Prompt
Reproduce exactly the lines from the one containing "Midi jurk met" through the last line of the records below, both included. Leave out any pictures.

Provided entries
──────────────────────────────

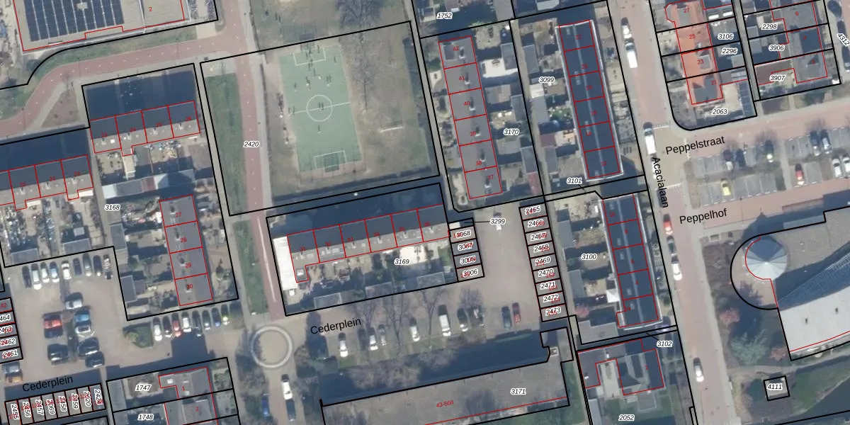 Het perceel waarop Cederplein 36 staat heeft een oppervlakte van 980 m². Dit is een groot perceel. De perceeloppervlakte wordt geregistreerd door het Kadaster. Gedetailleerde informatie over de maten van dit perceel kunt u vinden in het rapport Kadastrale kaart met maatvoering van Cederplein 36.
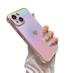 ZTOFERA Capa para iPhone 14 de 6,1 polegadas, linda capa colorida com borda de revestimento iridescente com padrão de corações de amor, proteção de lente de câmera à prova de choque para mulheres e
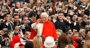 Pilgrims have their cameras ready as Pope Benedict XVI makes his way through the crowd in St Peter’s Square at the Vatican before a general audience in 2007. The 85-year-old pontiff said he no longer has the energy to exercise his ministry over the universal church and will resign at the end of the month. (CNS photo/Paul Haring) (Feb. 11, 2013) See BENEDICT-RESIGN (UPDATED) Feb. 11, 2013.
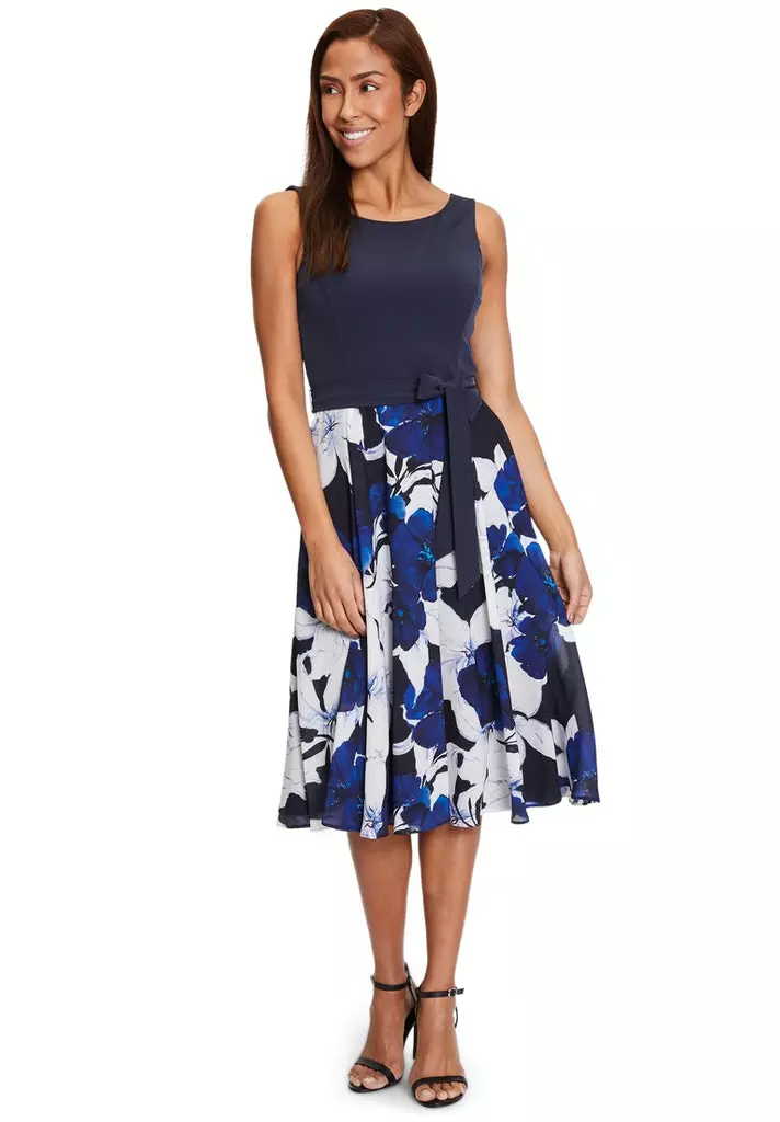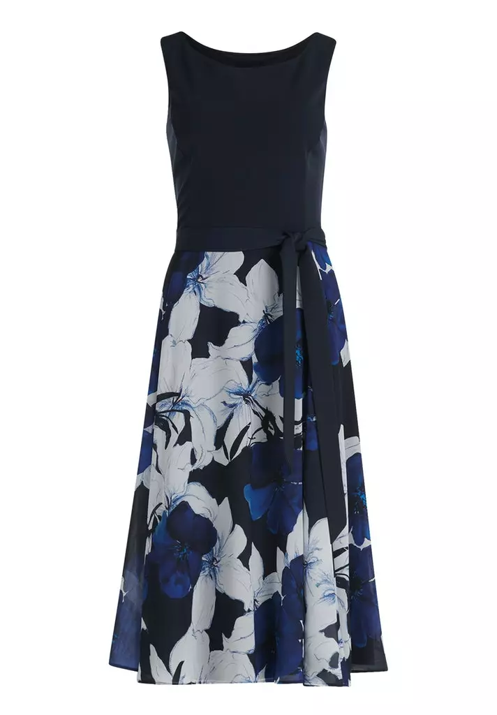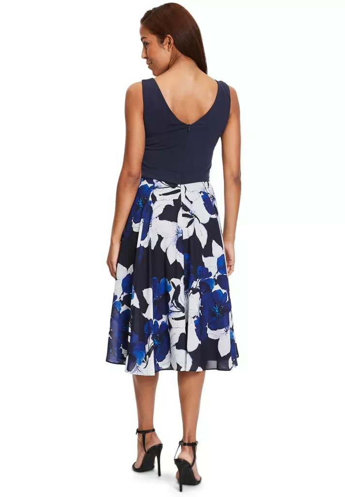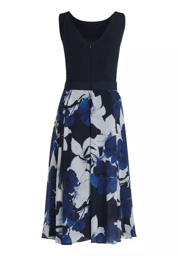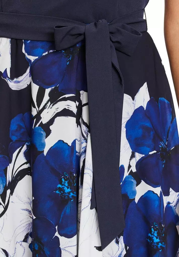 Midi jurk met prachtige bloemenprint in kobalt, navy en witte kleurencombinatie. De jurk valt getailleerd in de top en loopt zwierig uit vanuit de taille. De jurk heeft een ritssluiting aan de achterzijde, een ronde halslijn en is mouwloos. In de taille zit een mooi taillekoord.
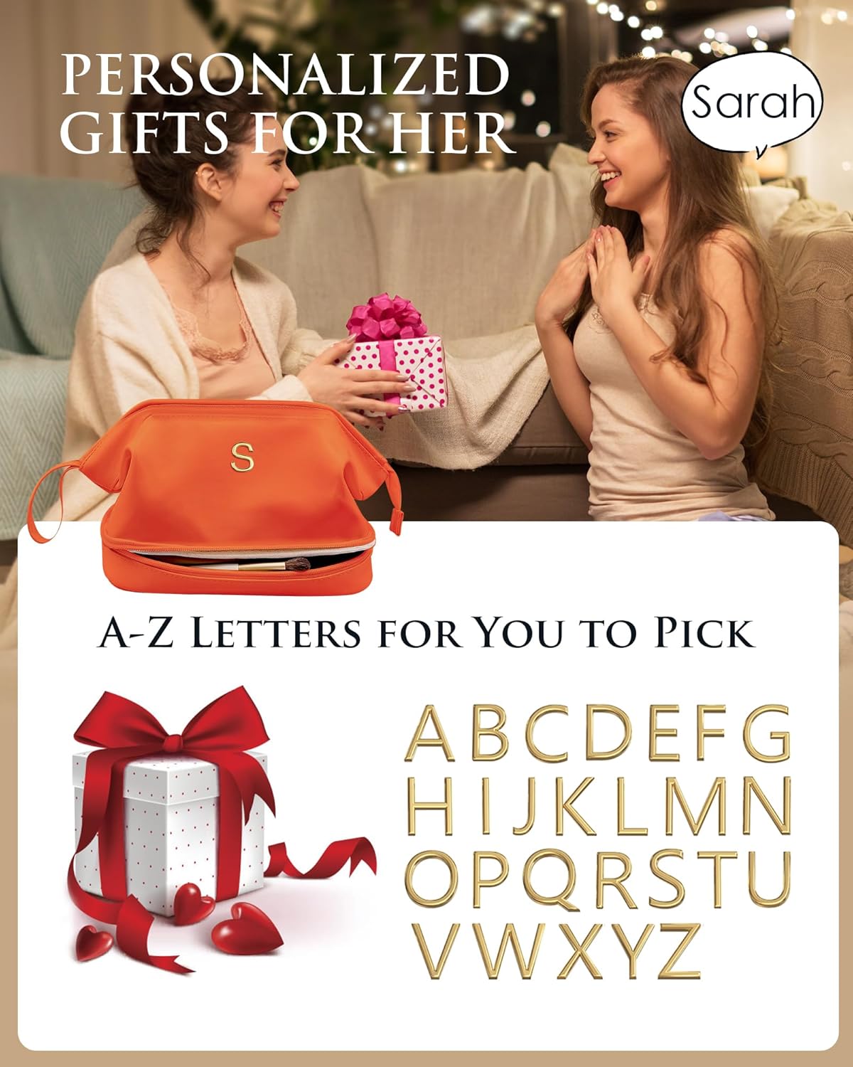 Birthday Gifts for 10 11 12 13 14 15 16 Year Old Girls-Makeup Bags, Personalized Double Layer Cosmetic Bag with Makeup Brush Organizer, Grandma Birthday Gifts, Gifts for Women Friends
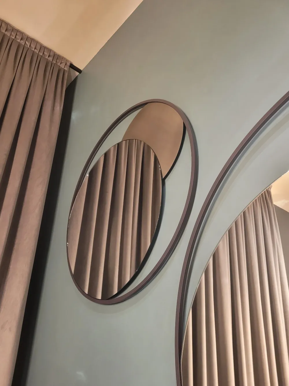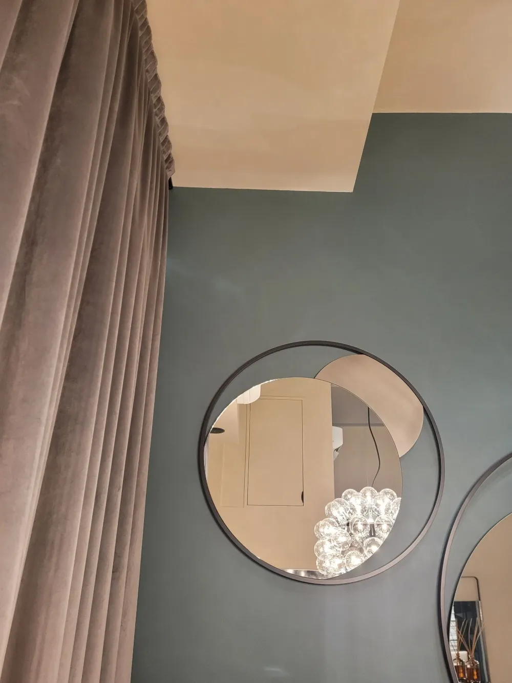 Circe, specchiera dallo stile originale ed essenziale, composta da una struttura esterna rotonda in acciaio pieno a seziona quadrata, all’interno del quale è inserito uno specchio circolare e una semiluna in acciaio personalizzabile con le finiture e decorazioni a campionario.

──────────────────────────────

Response to the exercise
 Midi jurk met prachtige bloemenprint in kobalt, navy en witte kleurencombinatie. De jurk valt getailleerd in de top en loopt zwierig uit vanuit de taille. De jurk heeft een ritssluiting aan de achterzijde, een ronde halslijn en is mouwloos. In de taille zit een mooi taillekoord.
 Birthday Gifts for 10 11 12 13 14 15 16 Year Old Girls-Makeup Bags, Personalized Double Layer Cosmetic Bag with Makeup Brush Organizer, Grandma Birthday Gifts, Gifts for Women Friends
 Circe, specchiera dallo stile originale ed essenziale, composta da una struttura esterna rotonda in acciaio pieno a seziona quadrata, all’interno del quale è inserito uno specchio circolare e una semiluna in acciaio personalizzabile con le finiture e decorazioni a campionario.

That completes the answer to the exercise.